Pools clogged with leaves in the River East Allen.
Pools clogged with leaves in the River East Allen. Photograph: Susie White

Spotting the sugar pink of Himalayan balsam, I don my wellies to plodge the river and pull up this invasive non-native plant. Though I’ve been watching the water level dropping since spring, it’s a shock to be down here among exposed rocks, their coating of liverworts and mosses crusty and dry. Surprising too, the lack of cold that I normally feel through the neoprene. That I can walk to the other side of the East Allen is a strange experience; were this river to be at flood levels – which it often is – I would be underwater now.

Familiar landmarks are unfamiliar. The large square block of stone where I’ve seen otter spraint is beached, its halfway tidemark showing where water normally laps. Roots are exposed, pools stand stagnant, the river usually coloured by peat from higher up is clear to the bottom. No wonder the herons have been patrolling as sluggish fish try to hide in oxygen‑depleted, shrinking waters.

I explore the burn that runs into the main river. Its usual rush is stilled, and in places it is almost a barranco with just a trickle filtering through. Plants now grow in the middle of the stream: willowherb, buttercup, common hemp-nettle and bittercress. Water mint flowers purple the banks, unperturbed by the lack of moisture, releasing scent as I clamber out.

England has had a summer of four heatwaves and trees are under stress, shedding their leaves prematurely as an act of survival, not from less daylight and cooler temperatures. In this “false autumn” the hawthorns are dropping their berries, woods along the valley are changing colour, the ochre and yellow of alder and birch leaves are clogging pools in the slow moving river.
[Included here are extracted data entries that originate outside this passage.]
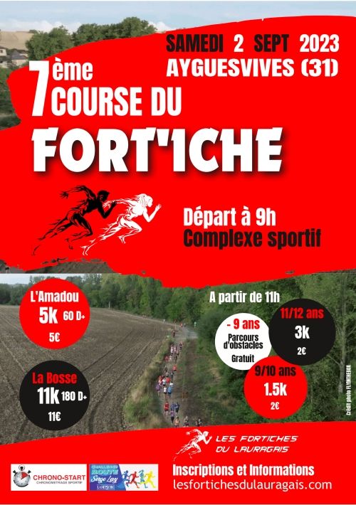 7ème édition de la Course du Fort’iche à Ayguesvives (31) dans le Lauragais ! Les Fort’iches du Lauragais proposent deux parcours nature (40% chemin / 60% route) mettant en valeur Ayguesvives : - L’Amadou (5 km), une boucle entre le canal du Midi et le parc de la mairie, - La Bosse (11 km), une extension de l’Amadou pour découvrir les hauteurs du village. La Bosse fait partie du Challenge Levy Route 2023. Côté enfants, il y aura le traditionnel et très attendu parcours d’obstacles pour les plus petits (moins de 9 ans). Pour les plus grands, on reconduit la formule gagnante de l’an dernier, avec des parcours de 1,5 km (9 et 10 ans) et 3 km (11 et 12 ans).
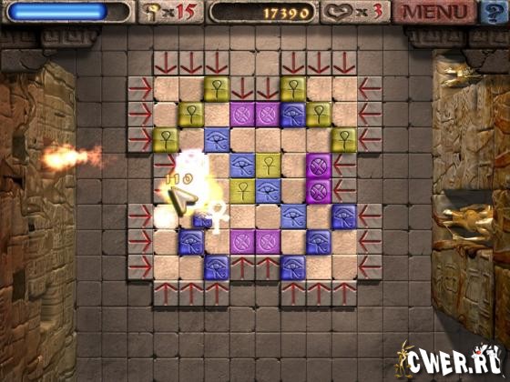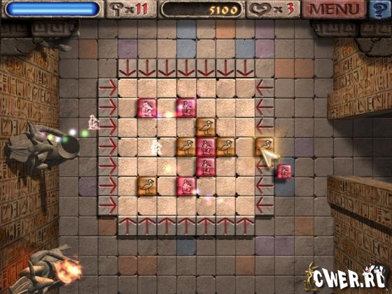 В этой игре вам предстоит отправиться в древний Египет и пройти 150 трудных уровней. Цель игры проста – уничтожить на доске цветные метки, соединяя поверх них по три камня одного цвета. Камни помещаются на игровое поле с помощью стрелок, расположенных вокруг доски. Примите вызов фараона. Соединяйте камни с иероглифами, чтобы обнаружить потрясающую золотую пирамиду!
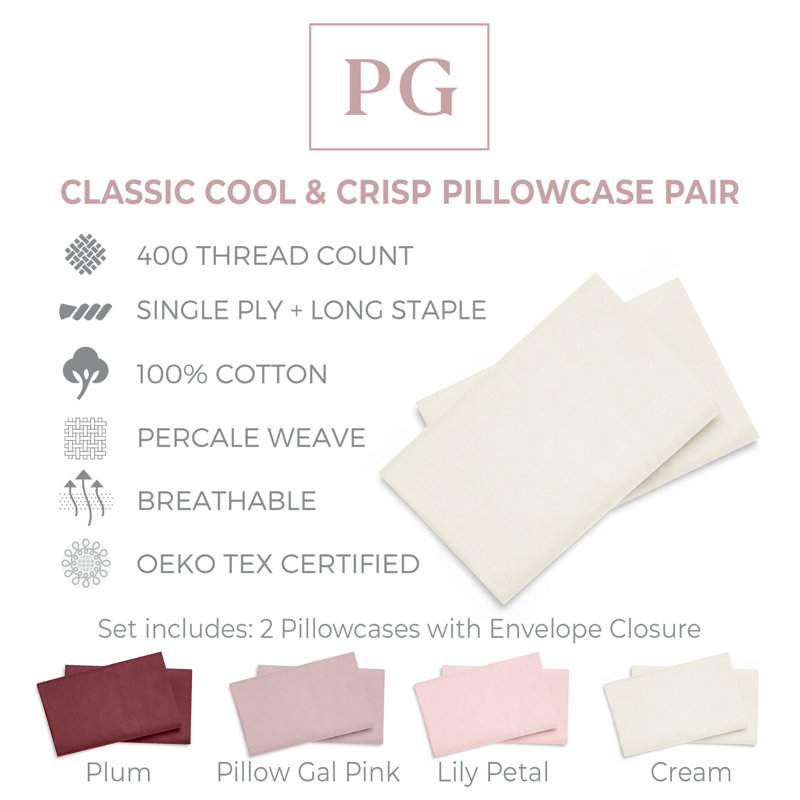 Our Percale pillowcase pair is your pillow’s best friend with cool and crisp breathability for ultimate temperature comfort. They are 400TC 100% cotton Percale woven for that cool, crisp 5-star hotel sleep every night. Percale is plain in weave and characterized by a matte finish and crisp hand.
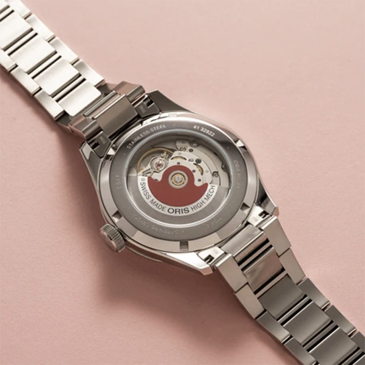 直径40mmの鮮やかなターコイズブルーが美しいダイヤル、ステンレススチールケース、Hリンクブレスレットを採用。Orisが独自開発したクラスプはまるでつけていることを忘れるような心地。
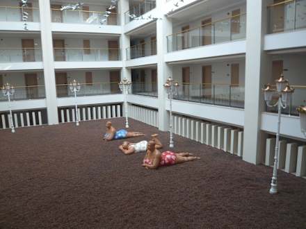 Innerhalb des Hotels mit liegenden Skulpturen
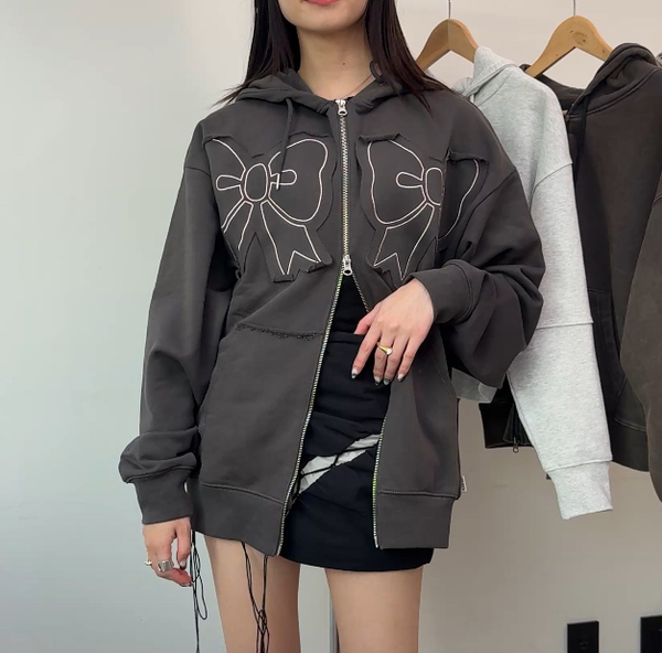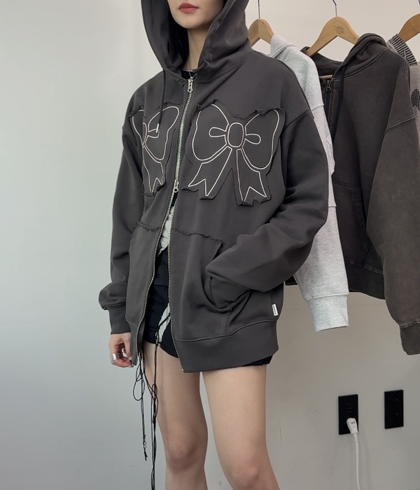 まずお取り寄せしたのは、キュートなリボンディティールのお目立ちデザインで、周囲の視線を独り占めできる、YOUHEE(ユヒ)の『RIBBON HOOD ZIP-UP』!リボンデザインに一目惚れ♡
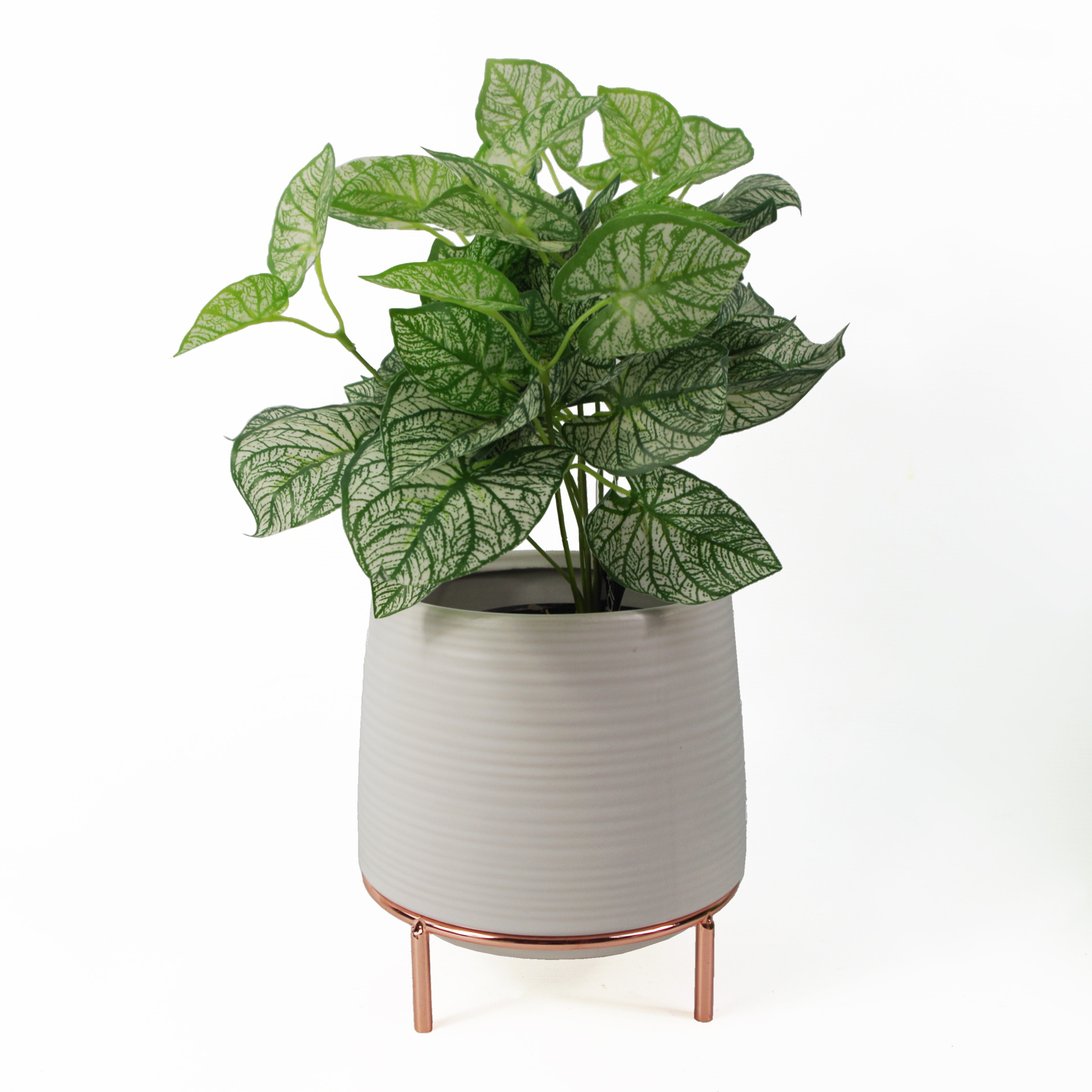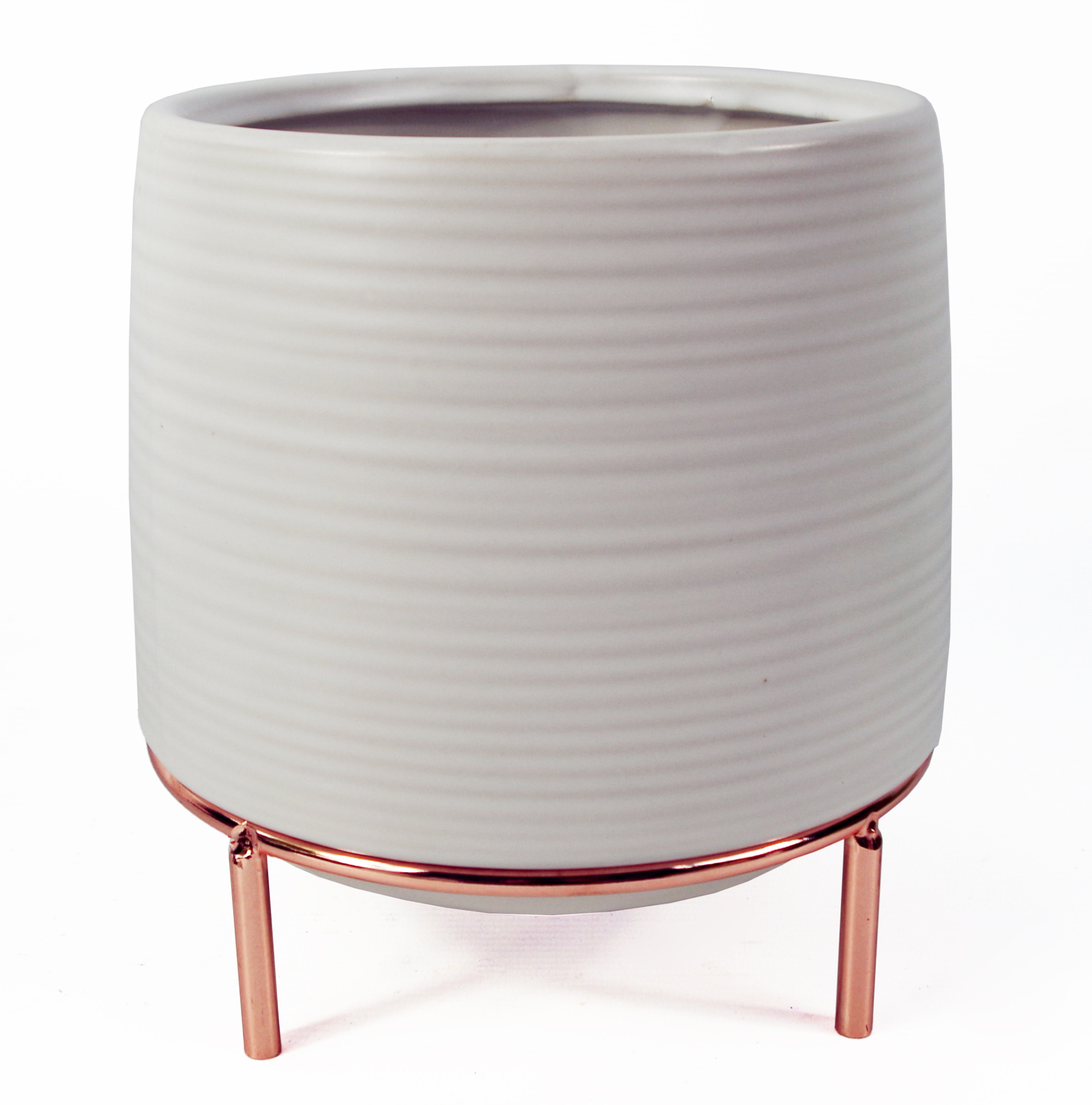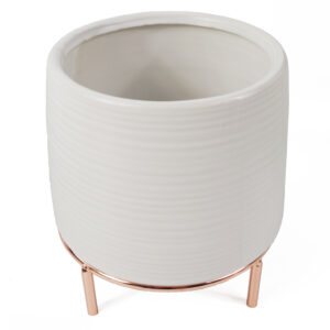 18cm White Ceramic Planter with Metal Stand

Even if rain comes, it will take a while for the levels to rise again.

Birds and animals rely on food stocks to prepare for winter. Jays squabble over wild raspberries, thrushes devour berries of holly and bramble. Everything is out of sync. This year fruits are smaller and less juicy, nuts dropping too soon, and animals that hibernate will struggle. Insects, mammals, fish, birds, all in the interconnected food chain are affected by a false autumn, my small patch by the river being just one piece of this network.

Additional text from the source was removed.